For Frank Franz, Treasurer for the Belmont Business Improvement District, he sees students as an important part of the Bronx community, even if they only live there for a short while.

Franz has lived in the area all his life. He said he wants to build up the quality of the neighborhood through new housing developments not just going to students, but to the Bronx’s teachers, police officers and medical professionals.

“You can’t get people of better means living here in crappy housing,” said Franz. “The neighborhood needs to be economically diversified.”

Of the people living in Belmont, the neighborhood has historically been a delicate balance of Italian heritage, college town, and recent immigrants who are trying to make a life in New York City. The NYU Furman Center put the neighborhood in 2015 at 29.7 percent foreign born, 61.4 percent Hispanic, 29.7 percent black, and 4.5 percent white. The district also has the highest unemployment rate in New York City with 44 percent of residents living below the Federal Poverty Line.

For Fordham students, living off-campus is a respite from on-campus housing prices and rules. Room and board for an on-campus student costs $17,445 for this school year (up from last year’s $16,845). Brendan Batcheller is a senior at the Gabelli School of Business and a Public Accounting major. He said living off-campus is markedly less expensive than living within Fordham’s gates.

The cost of a year’s rent for us is less than 9 months worth of living in a dorm.” Batcheller said in an email, “There is definitely a greater sense of independence living off campus–having to deal with a landlord, paying utilities, fixing things as they come up, etc. provides a more realistic living situation then calling an RA or Facilities whenever you have a problem.”

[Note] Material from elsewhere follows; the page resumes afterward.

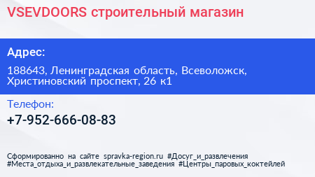 VSEVDOORS, строительный магазин по адресу 188643, Ленинградская область, Всеволожск, Христиновский проспект, 26 к1 в дальнейшем Организация, размещена в следующих категориях:

Despite recent developments and increased renovations of properties to rent to students, Fordham University maintains that less students are moving off-campus. By looking at the difference between housing deposits and number of students, Fordham University spokesman Bob Howe said around 500 to 1,000 student leave Fordham housing to live in the Belmont area.

Fordham students rent apartments across a variety of housing types in the local neighborhood, few of which could be described as luxury housing,” said Howe in an email.

For many Fordham students, the influx of the luxury apartment units means higher off-campus rents for students. AB Capstone’s Joseph Zanzuri said many landlords to students had thanked him for coming into the area, as it has allowed them to raise the price of rents.

When he first moved off-campus, Brendan Batcheller said he was glad to get out of the Fordham bubble. His apartment building is shared by both students and local Bronx residents.

“I do understand that if there is a market for [luxury apartments], nothing should intrude on a developer for building them and leasing them to Fordham students,” said Batcheller, “What I do not necessarily appreciate are buildings, such as those new ones on Arthur Ave., that specifically sell to Fordham students.”

For Sanchez, the development in Belmont should involve the community boards so they can work on housing that balances both the population of students in the area with young professionals that work in the Bronx and are the future of the borough.

“The students are a huge boon to the economy but in the same way so is the community that has been here for years.” Sanchez said, “I think having them coexist is a lot better than trying to separate university from the community. We should be intermingling.”